An Octree is just one technique to reduce the size of the Potentially Visible
Set of geometry that is sent to the rendering pipeline. While its a quite a
natural fit for a voxel-style world, such as minecraft, there are many
techniques to achieve this; an octree just being one.

If the Octree was the core technical challenge and data structure used to
create every MMO, then I'd have no issue with the article. But its really not
- its a simple technique, graphics 101, used to speed up rendering (or
collision detection).

Further, just having an octree is not nearly sufficient for handling MMO scale
issues - a lot more needs to go into structuring the world - when those larger
challenges are solved, I'd like to read his article on it.

------
Roritharr
Honestly i don't believe that he will get to the point of having something
playable.
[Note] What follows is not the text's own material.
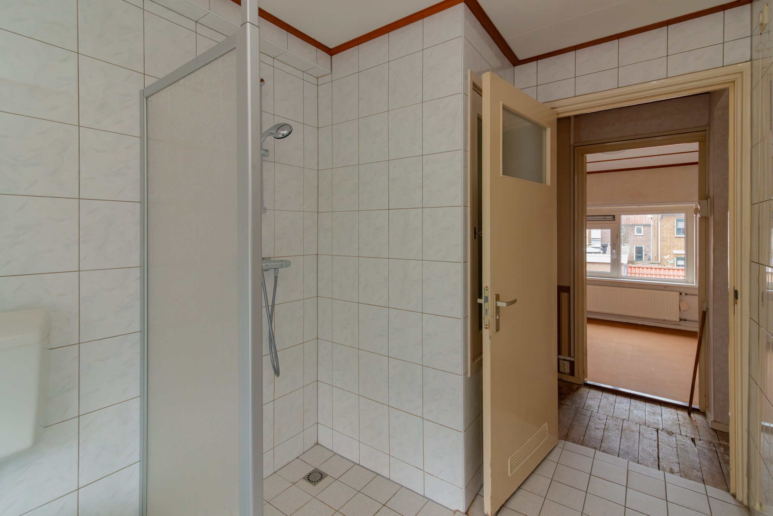 - Ruime geheel betegelde badkamer gelegen aan de voorzijde voorzien van douchehoek, 2e toilet, wastafel en raam.

I watched too many projects like this fail and some succeed.

Those who succeeded all did NOT focus on their technology when talking about
their project and seemed to focus more on getting it to a point where you
could actually play something.

Of course you'd think that for a mmo a good technology base is key, but it
isn't because if you're honest: Your mmo won't attract a that large crowd in
such a speed that you won't have time to merge to something better and spend
the money you've earned from your customers of the first hour on improving
scalabililty.

Find something fun, get it done and then make it work would be my advice to
any aspring independent gamedeveloper.

------
omouse
Where's the maths?

------
binaryfinery
Oh piffle to all you nay-sayers. Look at what he's done! What fun! How great
it is to zoom around a world entirely of your own creation! Who cares about
the rest? Not me. Sure, I would have just used a 2D structure instead of a 3D
one, and maybe experimented with hex maps instead of squares, but this guy now
knows more about 3D oct-tree terrain rendering than I do, and anyone who has
commented so far, I'll wager.

Creation is never to be sniffed at.

------
alkavan
been checking some simple game development solutions in my spare time ... been
looking into SlimDX, and then discovered pygame - <http://www.pygame.org>,
works on linux and windows, it's a Python based lib, now i dunno python but it
was really easy to start crating nice stuff in no time.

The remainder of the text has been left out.